8.16.2012

Uma aspirina por dia pode diminuir o risco de mortes por câncer


 

Prevenção

Um extenso estudo mostrou que efeito protetor ocorre principalmente em relação a doenças do trato gastrointestinal

Aspirina: nova fórmula reduz o tempo de absorção do medicamento pelo organismo
Aspirina: mortalidade por câncer pode ser evitada com um comprimido por dia (Thinkstock)
Mais um estudo identificou os benefícios da aspirina em relação ao câncer.

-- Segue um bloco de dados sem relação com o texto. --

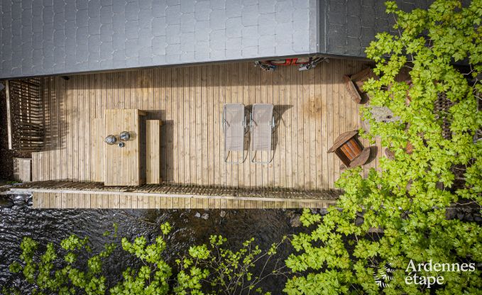 Buiten heb je een privéterras langs de rivier (zonder rechtstreekse toegang tot de rivier) en een privétuin met spellen voor de kinderen, een petanquebaan en barbecue. Het terras aan het water is een geweldige plek om te ontspannen en te genieten van de rustgevende geluiden van de natuur.
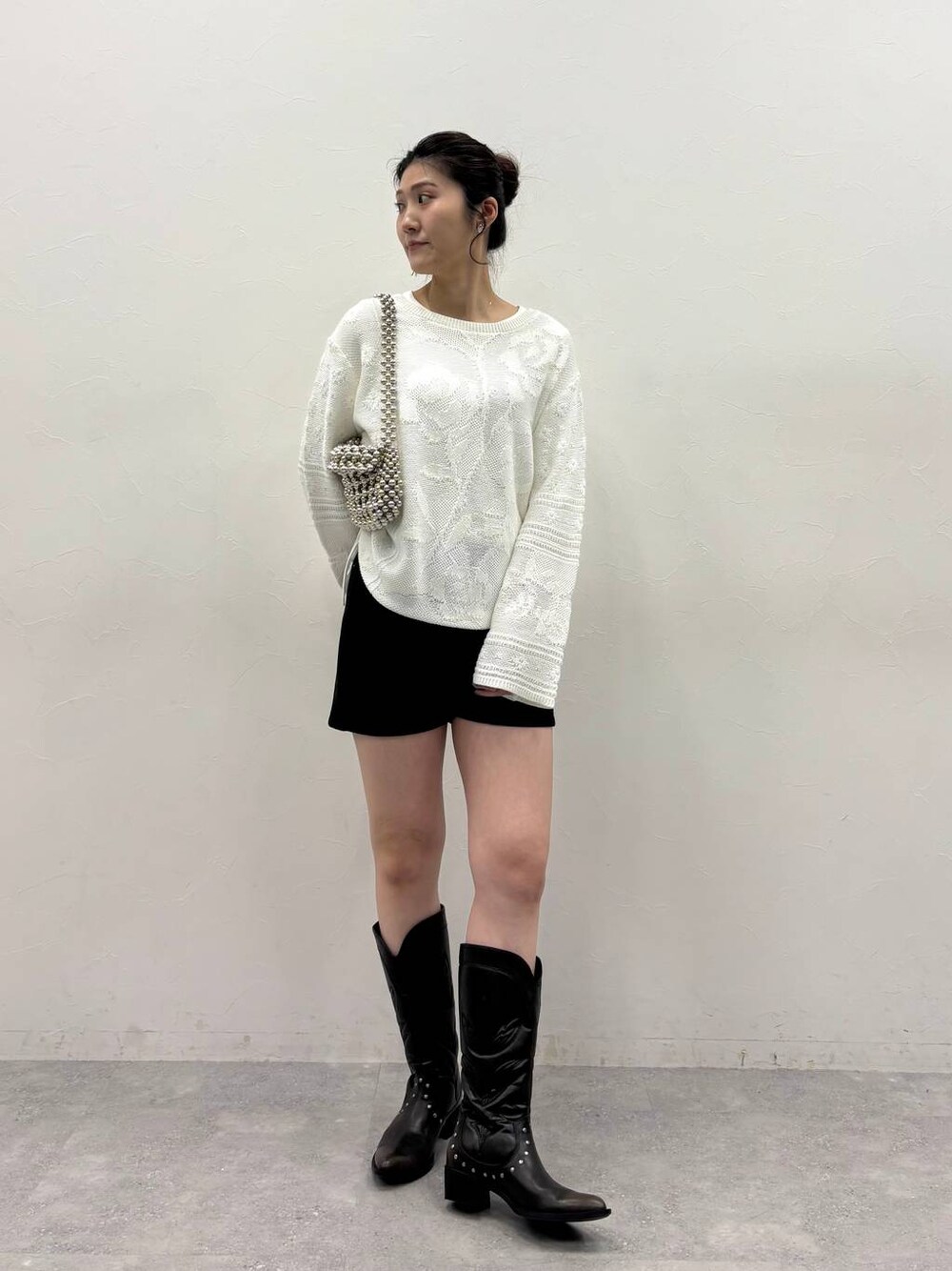 レースパターンが可愛いプルオーバー☺️ ゆるっとしたサイズ感なのでボトムはショートパンツでコンパクトに◎

Dessa vez, pesquisadores da Sociedade Americana do Câncer concluíram que o remédio, além de reduzir o risco dessa doença e também de problemas cardiovasculares, como outros trabalhos anteriores sugeriram, pode diminuir o número de mortes provocadas pelo câncer. A pesquisa, feita com mais de 100.000 pessoas, foi publicada na edição deste mês do periódico Journal of the National Cancer Institute.

CONHEÇA A PESQUISA

Título original: Daily Aspirin Use and Cancer Mortality in a Large US Cohort

Onde foi divulgada:  periódico Journal of the National Cancer Institute

Quem fez: Eric Jacobs, Christina Newton, Susan Gapstur e Michael Thun

Instituição: Sociedade Americana do Câncer 

Dados de amostragem: 100.139 pessoas com mais de 60 anos

Resultado: Em comparação com pessoas que nunca tomam aspirina, ingerir um remédio por dia reduz o risco de mortes por câncer em 16%, especialmente entre o sexo masculino e em relação a canceres como o de intestino e o de cólon.
Participaram desse estudo homens e mulheres com mais de 60 anos que não eram fumantes. Segundo os resultados, aqueles que disseram tomar uma aspirina ao dia apresentaram um risco 16% menor de morrerem em decorrência de algum câncer em comparação aos participantes que nunca faziam uso do medicamento. O benefício foi maior entre os homens e em relação a cânceres associados ao trato gastrointestinal, como o de cólon e o de estômago.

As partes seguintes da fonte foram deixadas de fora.